## YOUR GOAL
Look through the listing below for the line with "Сверху вид молодого" and the line with "The center of the emotion wheel reflects". Copy both, along with every line between them, exactly and with no pictures.

## DATA
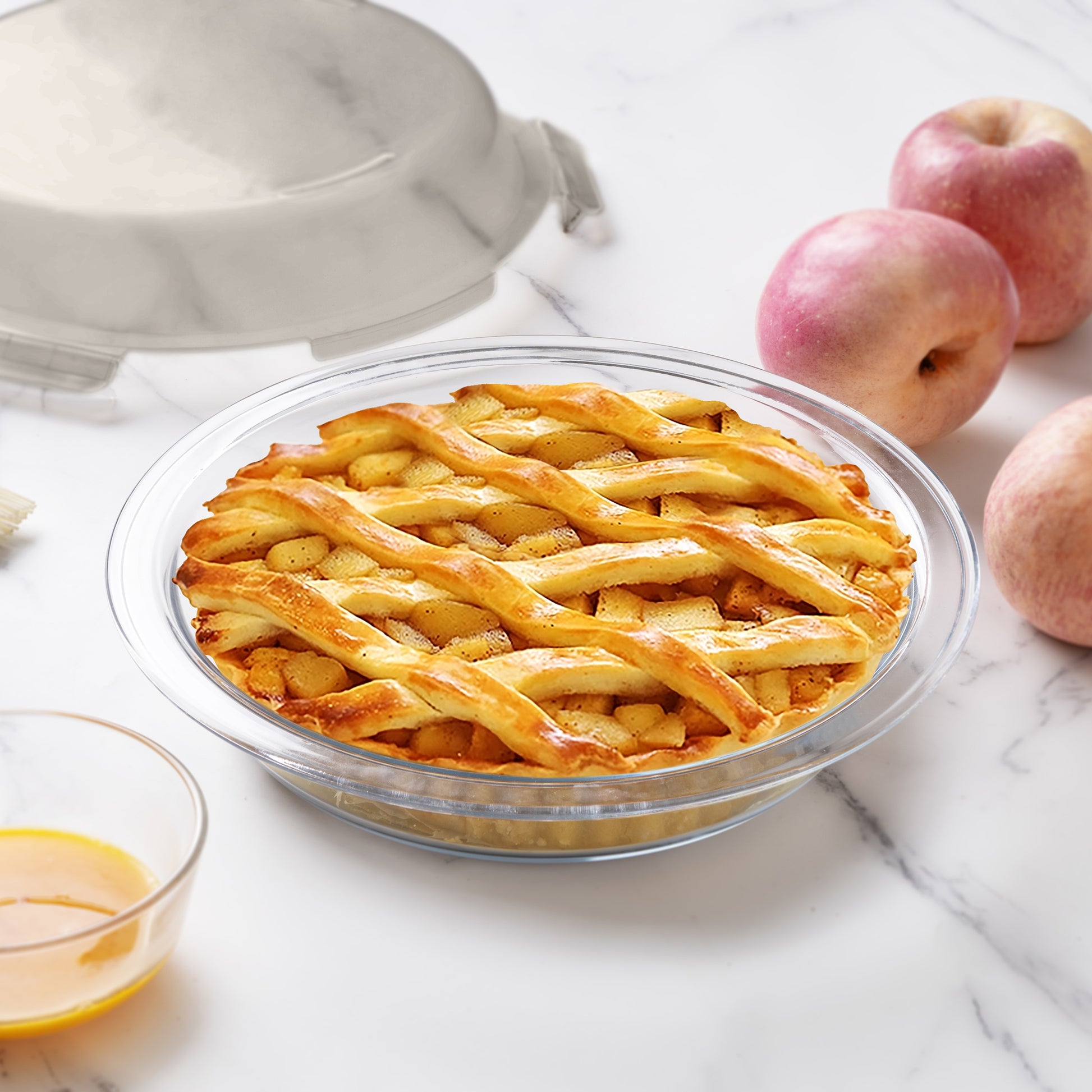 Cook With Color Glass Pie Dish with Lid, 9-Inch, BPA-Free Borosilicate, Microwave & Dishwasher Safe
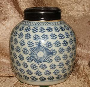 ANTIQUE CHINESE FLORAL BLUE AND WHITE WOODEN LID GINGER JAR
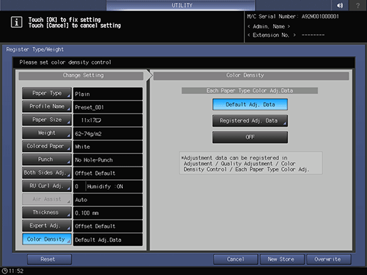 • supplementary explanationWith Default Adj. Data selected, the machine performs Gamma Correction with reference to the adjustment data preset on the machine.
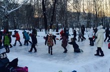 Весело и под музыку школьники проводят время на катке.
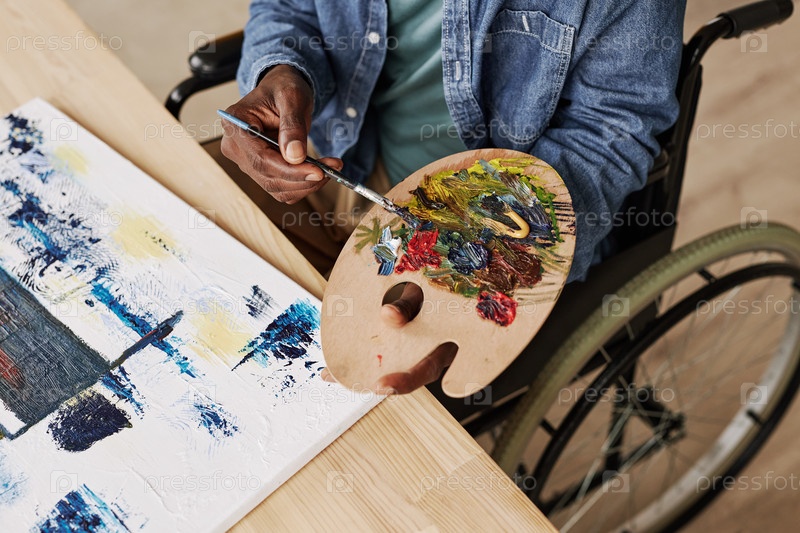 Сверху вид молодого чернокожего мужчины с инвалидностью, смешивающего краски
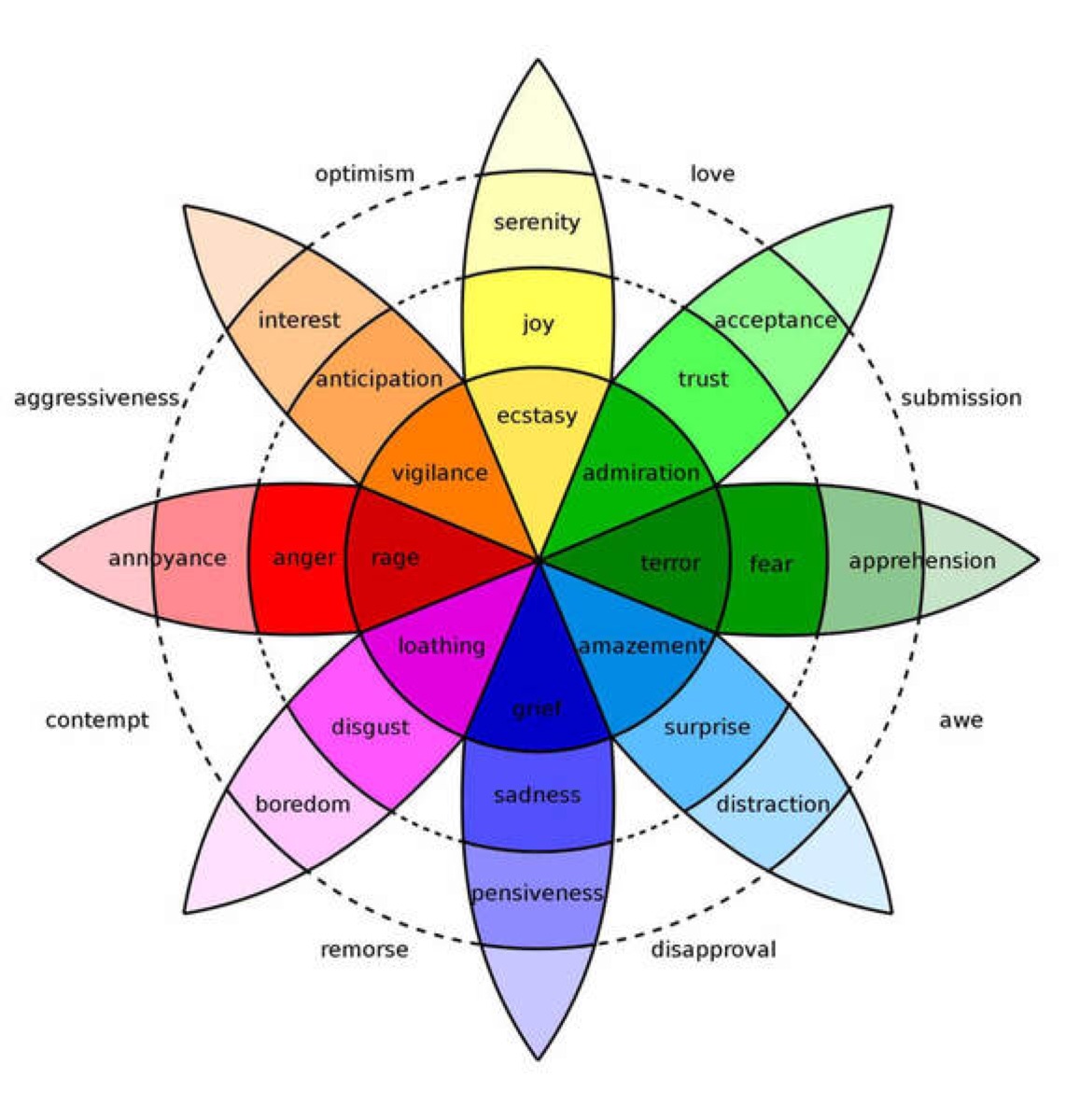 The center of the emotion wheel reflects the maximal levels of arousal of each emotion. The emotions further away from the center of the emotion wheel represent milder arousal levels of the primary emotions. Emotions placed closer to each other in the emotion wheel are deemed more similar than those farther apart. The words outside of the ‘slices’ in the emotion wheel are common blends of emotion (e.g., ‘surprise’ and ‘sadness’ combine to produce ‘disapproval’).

...

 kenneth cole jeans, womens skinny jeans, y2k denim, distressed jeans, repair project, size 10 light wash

* * *

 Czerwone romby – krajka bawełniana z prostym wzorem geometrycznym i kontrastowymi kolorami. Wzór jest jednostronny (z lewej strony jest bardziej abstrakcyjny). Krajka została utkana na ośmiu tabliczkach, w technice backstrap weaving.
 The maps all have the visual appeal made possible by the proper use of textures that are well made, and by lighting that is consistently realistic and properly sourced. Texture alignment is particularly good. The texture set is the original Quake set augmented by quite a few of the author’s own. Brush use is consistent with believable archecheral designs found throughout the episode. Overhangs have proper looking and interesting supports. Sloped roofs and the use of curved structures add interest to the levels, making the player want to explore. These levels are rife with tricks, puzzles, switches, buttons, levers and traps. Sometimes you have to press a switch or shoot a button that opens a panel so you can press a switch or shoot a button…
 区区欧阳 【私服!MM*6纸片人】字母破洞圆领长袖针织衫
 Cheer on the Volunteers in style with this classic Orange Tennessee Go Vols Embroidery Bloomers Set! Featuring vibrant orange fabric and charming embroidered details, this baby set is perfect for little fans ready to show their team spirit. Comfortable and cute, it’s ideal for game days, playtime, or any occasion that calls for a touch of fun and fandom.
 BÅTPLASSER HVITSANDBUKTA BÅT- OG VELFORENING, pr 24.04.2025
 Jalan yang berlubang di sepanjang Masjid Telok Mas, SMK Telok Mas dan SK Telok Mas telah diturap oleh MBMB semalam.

## SOLUTION TO THE EXERCISE
 Сверху вид молодого чернокожего мужчины с инвалидностью, смешивающего краски
 The center of the emotion wheel reflects the maximal levels of arousal of each emotion. The emotions further away from the center of the emotion wheel represent milder arousal levels of the primary emotions. Emotions placed closer to each other in the emotion wheel are deemed more similar than those farther apart. The words outside of the ‘slices’ in the emotion wheel are common blends of emotion (e.g., ‘surprise’ and ‘sadness’ combine to produce ‘disapproval’).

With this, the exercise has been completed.